Janette battled with this addiction for years.  Coming from an abusive childhood, drugs were the only way she knew to numb her pain, even through her daughter's birth.  "When I went to the bathroom and I pushed -- I pushed to use the bathroom, not to push a baby out -- the head came out.  So at that point I said 'this is happening.'"

With no phone to dial for help, she gave birth in the attic of a meth house.  "I cut the umbilical cord, I tied the umbilical cord on the baby.  Don't ask me how I remember or even knew how to do any of these stuff.  That's why I totally believe, wholeheartedly believe, that God was there with me...because that's the only way."

Taking hits and sips in between to help numb the pain.  "Next thing I know they're busting down the door and its my friend with the cops and the ambulance.  And I didn't remember everything until I got to the hospital."

Her first moments of life with her daughter are filled with memories of DCF at her bedside, telling her she's lost all her parental rights.  "They told me I had lost all three of my children, and the only way I can get them back is if I went into rehab."

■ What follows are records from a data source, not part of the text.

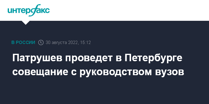 Москва. 30 августа. INTERFAX.RU - Секретарь Совета безопасности России Николай Патрушев 31 августа проведет в Петербурге совещание с ректорами вузов, сообщили в пресс-службе аппарата Совбеза.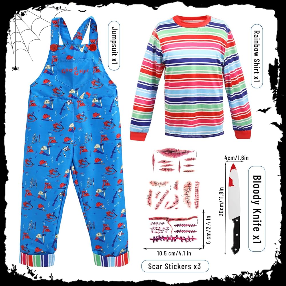 Material: Scary killer doll costume is made of high-quality polyester and cotton materials, soft & breathable, wearing this horror costume allows your kids to stand out on Halloween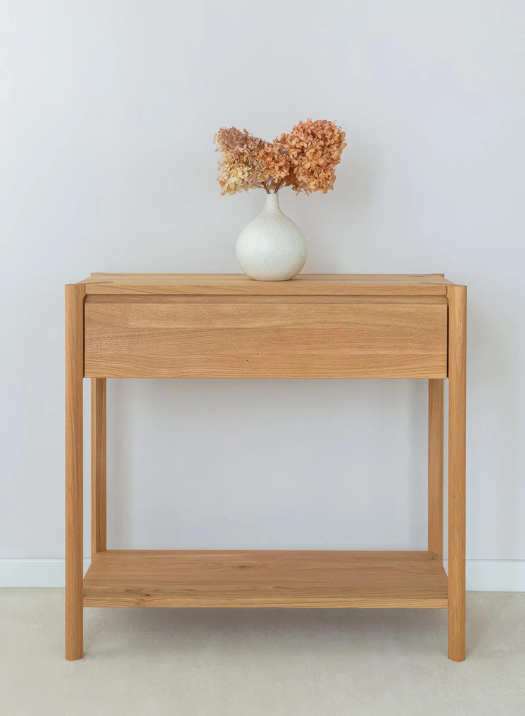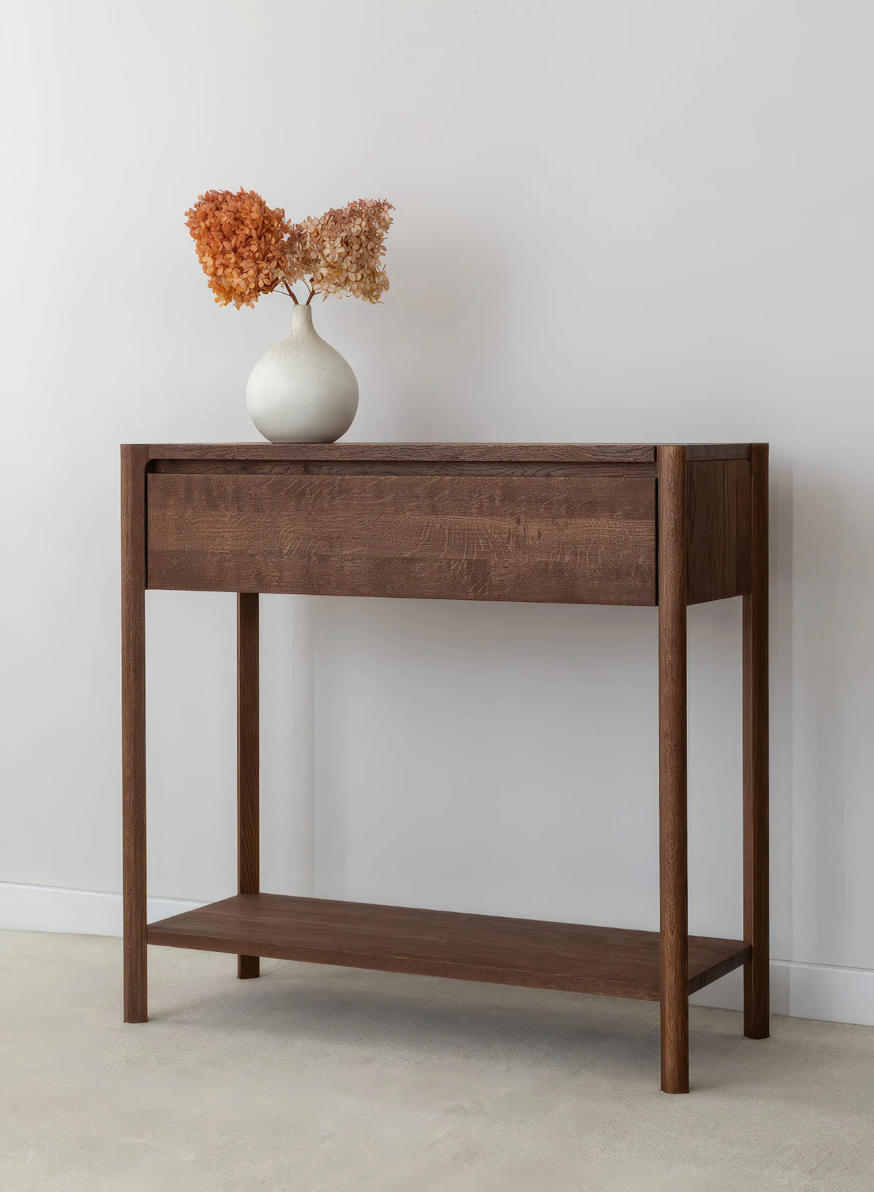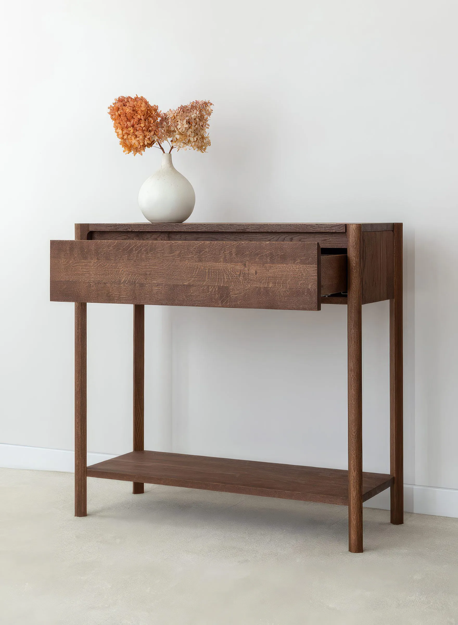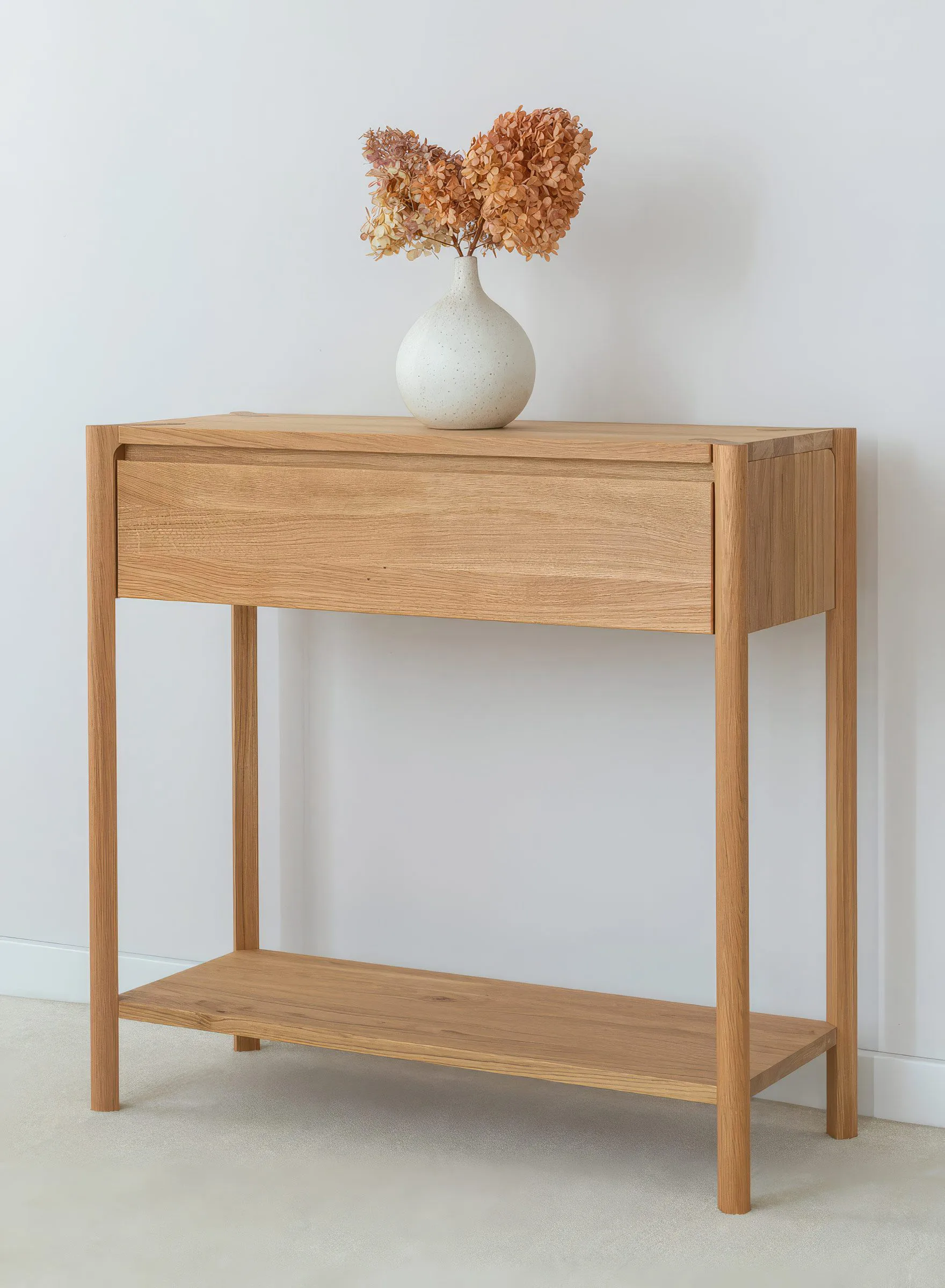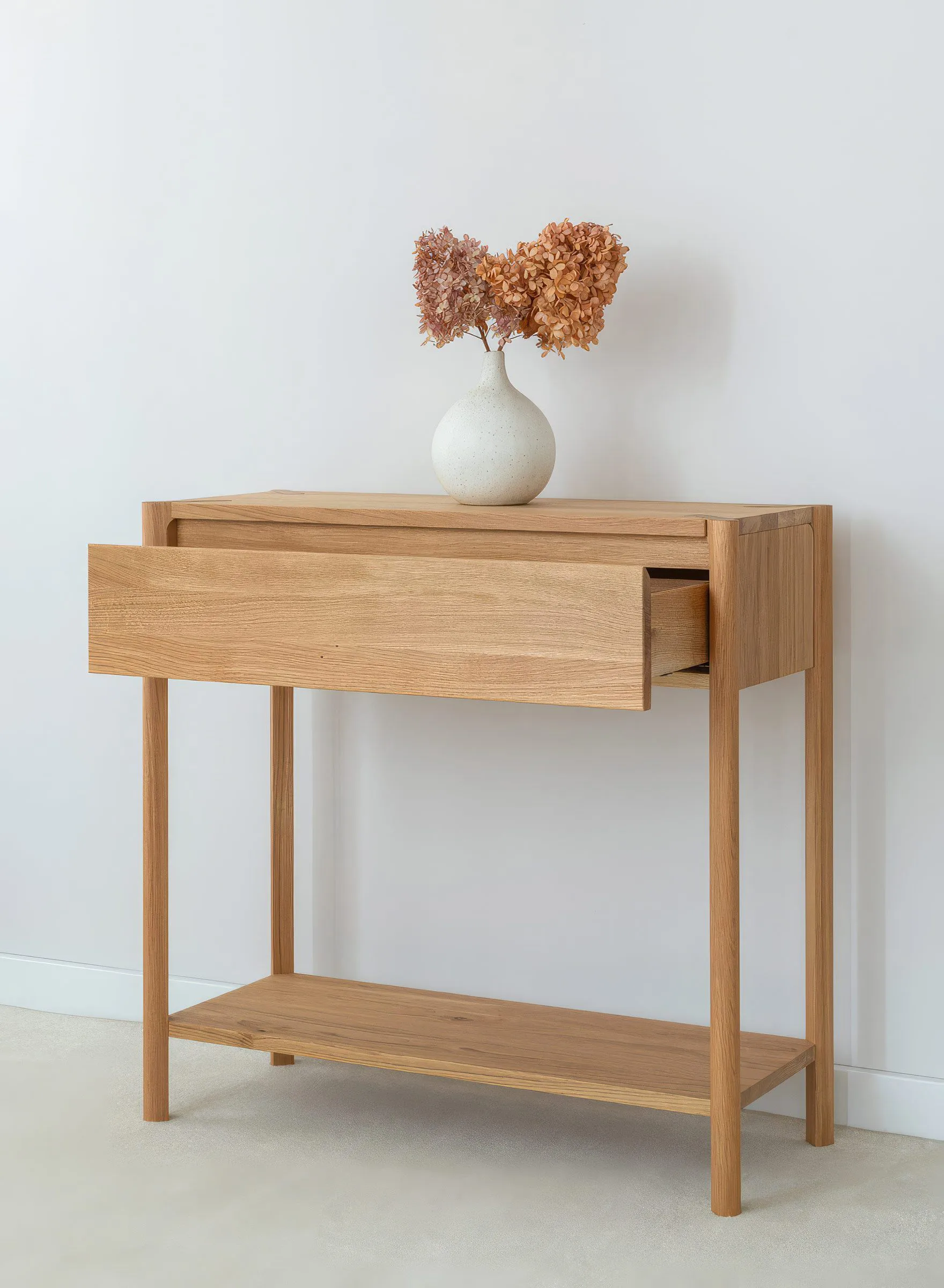 Campy kollektsiooni tammepuidust konsoollaud sahtliga ühendab minimalistliku disaini ja praktilise funktsionaalsuse, mis sobib hästi esikusse, elutuppa, magamistuppa või isegi kodukontorisse.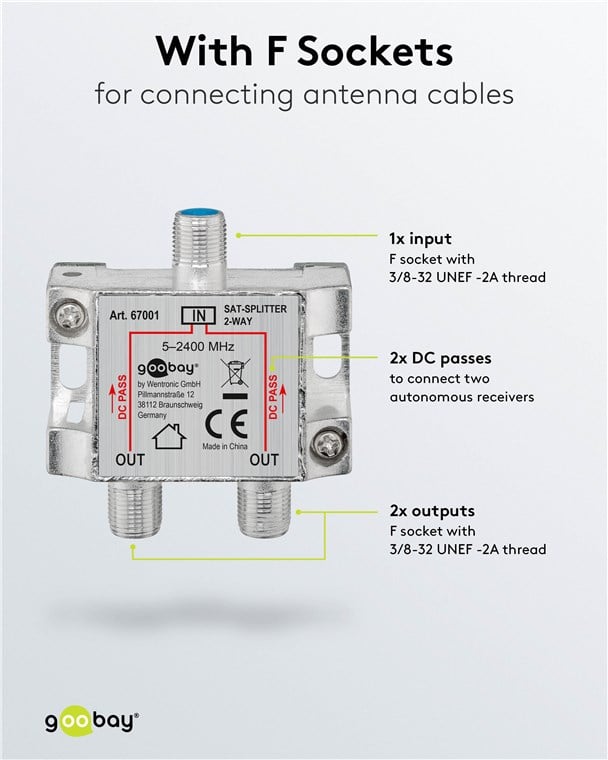 Divisore splitter per TV e Satellite 1 ingresso 2 uscite. può essere utilizzato per dividere il segnale TV oppure Satellite proveniente da antenna o parabola ed inviarlo a 2 prese/utenti.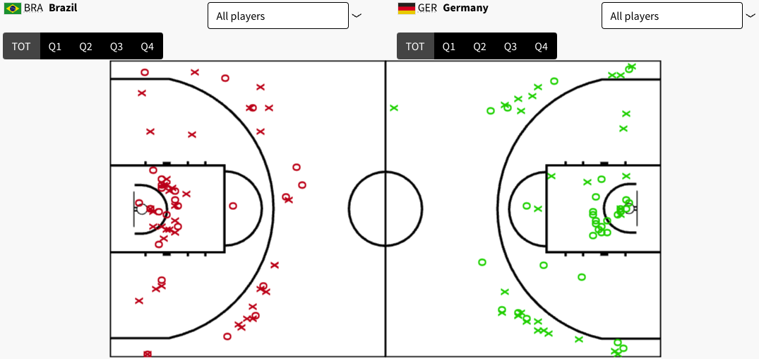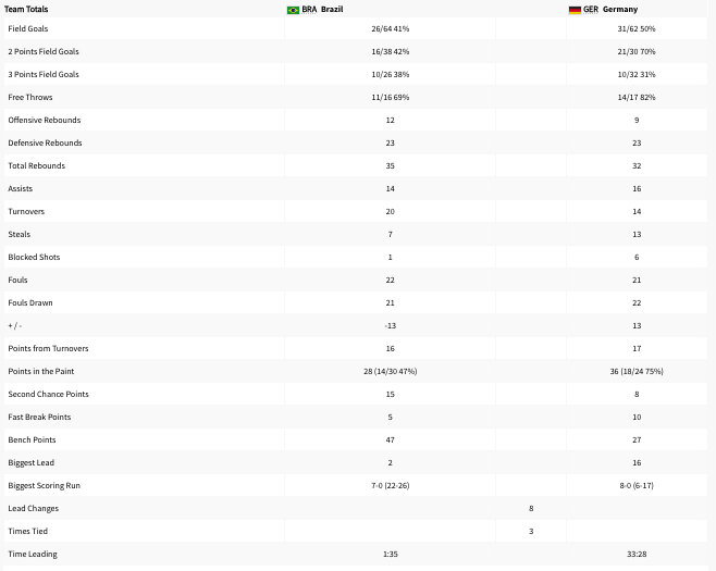 Brazil played Germany. It was a Group B game. The score was tied at 40-40 at halftime. The Final score was 86-73 Germany. The difference here was the inconsistency of the Brazilian scoring. Brazil scored thirty points in a single quarter but scored eleven or less in two different quarters. Brazil will play Japan next. Germany will play France next.

"What we've seen in Lee County is a steady growth in instances of babies admitted for drug withdrawal."  Dr. William Liu with Lee Memorial Hospital says the problem has exploded since 2005.  "From 2005 to probably 2010 we've seen about a 700, 800 percent increase in our admission rate for Neonatal abstinence syndrome."

This syndrome, known as NAS for short, since then has gone up about 50 percent in Lee County.  Just in the last year more than a 120 babies were born hooked and helpless.

"The problem seems to be reemerging even at a more significant level."

"Those moments of holding her in my arms and seeing everything she went through...I'll never forget it, I'll never forget it.  She'll never remember, but I always will," says Janette.

Janette has been clean since 1999 and her daughter is okay.